A recent visit to Berlin by members of the project team sparked ideas for new research paths and creative collaborations which are now taking shape.
As a result of an inspiring visit to the Schloss Freienwalde, the University of Oxford's Knowledge Exchange Support Scheme has awarded Abigail Green with a grant for an exciting new initiative: 'Artists to Fill the Gap: Commemorating Walter Rathenau in a Jewish Country House'.
Schloss Freienwalde
The project will work with Berlin-based international arts consultancy urKultur to develop an artistic project linking Schloss Freienwalde in Germany with other Jewish country houses through a sustained programme of artistic activity. Schloss Freienwalde was the former home of Weimar statesman and aesthete Walther Rathenau, and 2022 marks 100 years since his assassination. A leading contemporary artist, will create site-specific work at Freienwalde to communicate its unique and complex history to younger, more diverse audiences.

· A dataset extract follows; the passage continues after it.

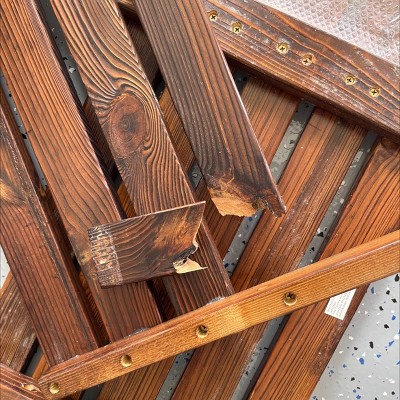 Purchased last year and I loved this at first, but by the end of the summer, the color had faded and now it’s in desperate need of either paint, stain, sanding or all the above. It’s not nearly as pretty as it was. Rather disappointed.

We are delighted that Schloss Freienwalde will also soon be joining our online heritage route, 'Palaces, Villas and Country Houses'.
Villa Liebermann
Our established partnership with the Villa Liebermann has entered a new phase with the announcement of a new Collaborative Doctoral Award (Private actors, public memory and provenance research: Contextualising the Liebermann-Villa, Berlin'). a unique opportunity to explore how the German heritage landscape is being transformed by this shift towards private actors carrying out provenance research, through a focus on the Liebermann-Villa in Berlin, a private museum dedicated to the German-Jewish painter Max Liebermann (1847-1935) and run by the Max Liebermann Society. The successful candidate is now being appointed.
Finally we are delighted that the iconic German-Jewish refugee publication Aufbau, has devoted a special issue to the theme of international Jewish Country Houses and features essays by members of the project team and our colleagues. The inspiration behind this issue came from Monica Strauss, who discovered the connection between her own family's refugee story and the National Trust's Ightam Mote thanks to the JCH project.